PROBLEM TO WORK ON ->
From the entries below, copy exactly the lines from the one that contains "Proprio in continuità" through the one that contains "A group of men", both included, and only those.
═════ STORED DATA ═════
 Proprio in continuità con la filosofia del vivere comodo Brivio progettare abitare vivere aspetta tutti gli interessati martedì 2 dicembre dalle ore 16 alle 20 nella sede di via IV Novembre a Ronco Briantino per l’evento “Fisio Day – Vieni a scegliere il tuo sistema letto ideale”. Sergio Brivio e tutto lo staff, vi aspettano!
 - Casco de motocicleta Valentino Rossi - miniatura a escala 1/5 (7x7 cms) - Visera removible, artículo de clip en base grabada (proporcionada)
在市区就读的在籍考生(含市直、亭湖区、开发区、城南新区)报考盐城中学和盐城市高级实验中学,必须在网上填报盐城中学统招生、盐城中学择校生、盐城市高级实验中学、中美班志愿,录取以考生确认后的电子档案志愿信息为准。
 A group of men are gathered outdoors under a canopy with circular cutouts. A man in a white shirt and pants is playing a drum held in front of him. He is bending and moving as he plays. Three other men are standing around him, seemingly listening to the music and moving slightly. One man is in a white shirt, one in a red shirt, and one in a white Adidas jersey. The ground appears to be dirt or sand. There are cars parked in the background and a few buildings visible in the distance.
═════
═════ STORED DATA ═════
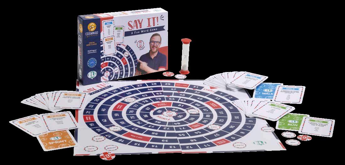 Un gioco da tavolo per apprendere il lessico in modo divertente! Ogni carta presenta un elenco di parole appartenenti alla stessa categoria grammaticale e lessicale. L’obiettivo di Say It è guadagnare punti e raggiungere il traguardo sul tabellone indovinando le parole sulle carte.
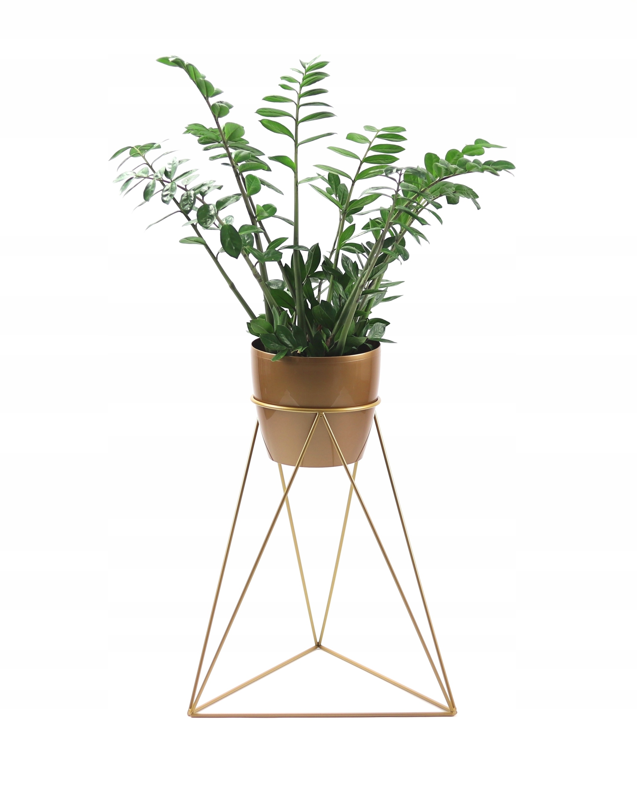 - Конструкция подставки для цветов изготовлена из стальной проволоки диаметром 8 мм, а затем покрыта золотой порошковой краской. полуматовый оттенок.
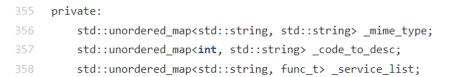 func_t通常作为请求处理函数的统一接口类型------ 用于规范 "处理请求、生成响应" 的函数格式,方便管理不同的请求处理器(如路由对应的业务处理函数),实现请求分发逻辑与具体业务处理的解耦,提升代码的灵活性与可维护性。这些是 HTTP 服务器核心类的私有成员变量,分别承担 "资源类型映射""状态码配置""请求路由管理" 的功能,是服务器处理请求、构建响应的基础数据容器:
═════
WORKED SOLUTION ->
 Proprio in continuità con la filosofia del vivere comodo Brivio progettare abitare vivere aspetta tutti gli interessati martedì 2 dicembre dalle ore 16 alle 20 nella sede di via IV Novembre a Ronco Briantino per l’evento “Fisio Day – Vieni a scegliere il tuo sistema letto ideale”. Sergio Brivio e tutto lo staff, vi aspettano!
 - Casco de motocicleta Valentino Rossi - miniatura a escala 1/5 (7x7 cms) - Visera removible, artículo de clip en base grabada (proporcionada)
在市区就读的在籍考生(含市直、亭湖区、开发区、城南新区)报考盐城中学和盐城市高级实验中学,必须在网上填报盐城中学统招生、盐城中学择校生、盐城市高级实验中学、中美班志愿,录取以考生确认后的电子档案志愿信息为准。
 A group of men are gathered outdoors under a canopy with circular cutouts. A man in a white shirt and pants is playing a drum held in front of him. He is bending and moving as he plays. Three other men are standing around him, seemingly listening to the music and moving slightly. One man is in a white shirt, one in a red shirt, and one in a white Adidas jersey. The ground appears to be dirt or sand. There are cars parked in the background and a few buildings visible in the distance.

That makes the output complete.